Just in diesem Brest also fand vom 8. bis 19. Juli ein Manöver belarussischer und chinesischer Militärs mit dem Namen „Angreifender Falke“ statt. Man nannte es aber offiziell nicht Manöver, sondern weniger provokativ Anti-Terror-Übung. Aber natürlich ist es aus Nato-Sicht eine Provokation, wenn rund fünf Kilometer von der Grenze zum Nato-Mitglied Polen entfernt eine Militärausbildung mit Beteiligung der 80th Group Army der PLA stattfindet. Zwar haben belarussische und chinesische Militärs schon mal zusammen geübt, aber das war in China, in Jinan. Doch an der Grenze zur Nato ist es ein Novum.
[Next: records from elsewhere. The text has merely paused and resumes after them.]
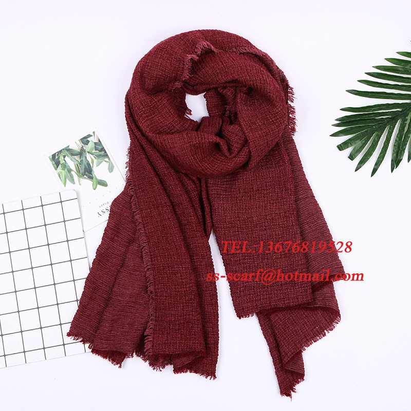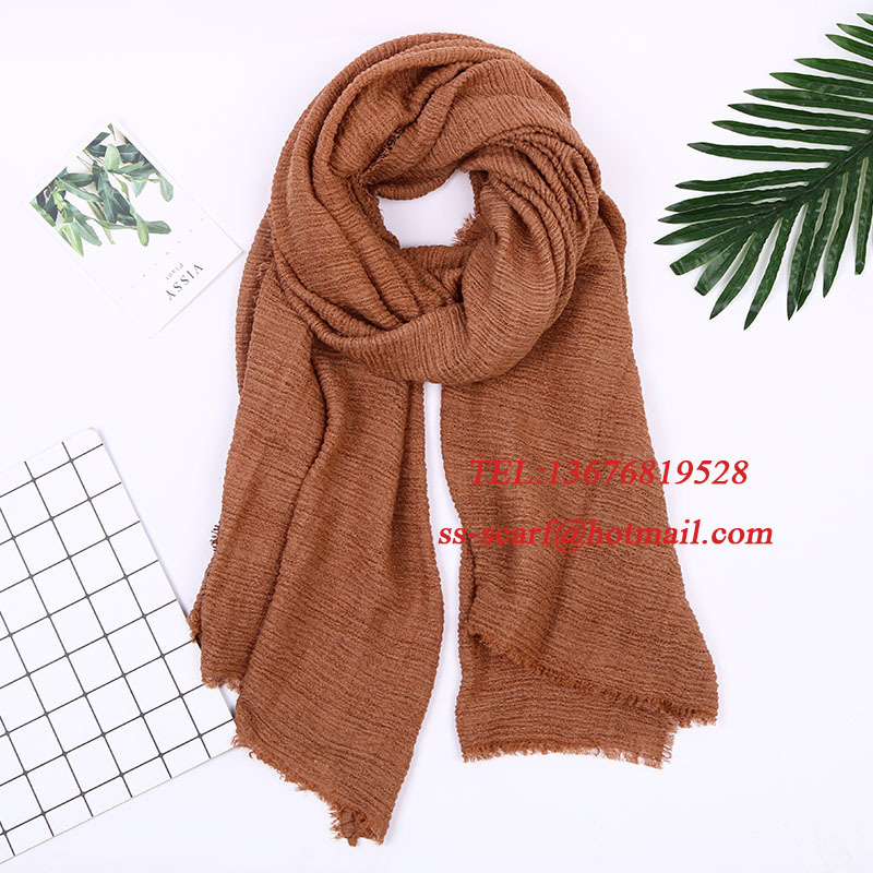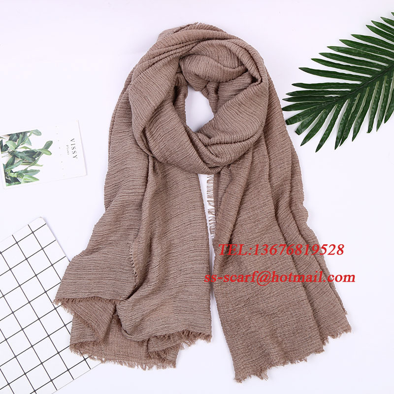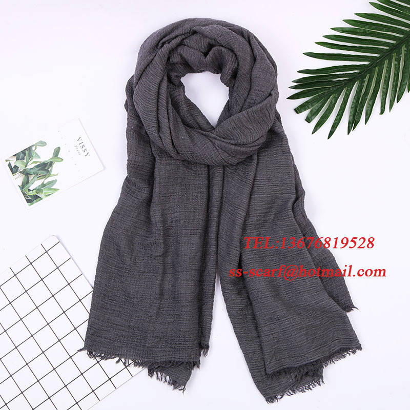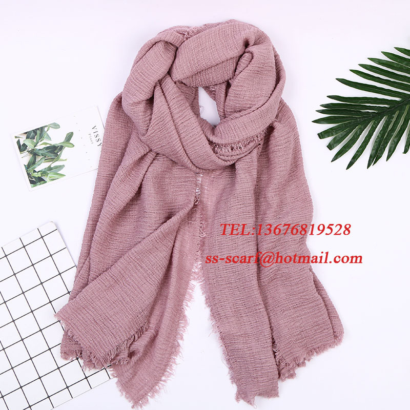 Monochrome cotton and linen scarves, crinkled scarves, versatile solid color silk scarves, winter style headbands with hairy shoulders, European and American fashion.
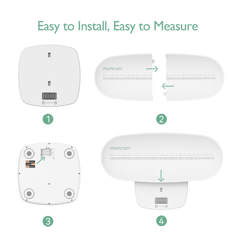 Momcozy Multi-Funktion Vægt & Højde Måleskala giver præcise målinger til spædbørn, småbørn, kæledyr og voksne op til 150 kg. Skift nemt mellem 5 enheder for alsidig, pålidelig overvågning for hele familien.
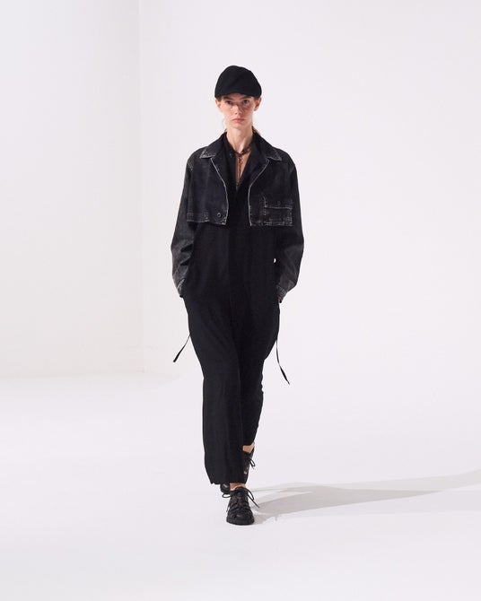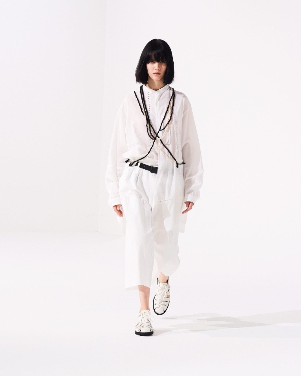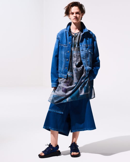 インディゴデニムとの組み合わせで、軽やかさと存在感が共存するY’sらしい装いを提案する。

Der belarussische Vizegeneralstabschef Wladimir Kuprijanjuk hat denn auch, als er in einem Pressebriefing die gemeinsame Übung erklärte, die Nato im Visier: Man beobachte – sagte er – an der südlichen Grenze zu Polen einen systematischen Aufbau von Nato-Einheiten. Von 20 000 zusätzlichen Soldaten sei die Rede.

Während sich China also dem europäischen Teil der Nato nähert, ist es vor den Toren Nordamerikas schon präsent. Kurz vor der Übung in Belarus veröffentlichte am 1. Juli in Washington der amerikanische Thinktank Center for Strategic and International Studies (CSIS) Fotos von angeblichen chinesischen Spionageeinrichtungen auf Kuba, was ja bekanntlich vor den USA liegt. Die Autoren präsentierten in ihrem Report „Secret Signals“ Satellitenbilder, die „an unprecedented look at four active sites in Cuba capable of conducting electronic surveillance operations” bieten. Die vier kubanischen Standorte, an denen China riesige Antennen (zwischen 130 und 200 Meter Durchmesser) installiert hat, sind El Salao, Wajay, Calabazar und Bejucal. Letztgenannter Standort hatte schon einmal eine welthistorische Rolle. 1962 hatte die Sowjetunion Bejucal als Standort für auf die USA gerichtete Atomwaffen auserkoren, was damals die Kubakrise auslöste und die Welt an den Rand eines dritten Weltkrieges brachte. So weit sind wir heute noch (lange) nicht.

Aber die beiden Ereignisse in Belarus und auf Kuba zeigen, dass China seine militärische Präsenz ausweitet. Der Zeitpunkt beider Ereignisse deutet eher auf Absicht als Zufall hin. Denn vom 9. bis 11. Juli fand in Washington der große Jubiläumsgipfel der Nato statt, bei dem das westliche Militärbündnis seinen 75. Geburtstag feierte. Dort wurde im Schlusscommuniqué China als systemischer Rivale eingestuft und ein stärkeres Engagement im Indo-Pazifik angekündigt (siehe DOKU I Nato Commnuniqué).

Beide – die Nato und China – bewegen sich also aufeinander zu, allerdings nicht unbedingt in friedlicher Absicht.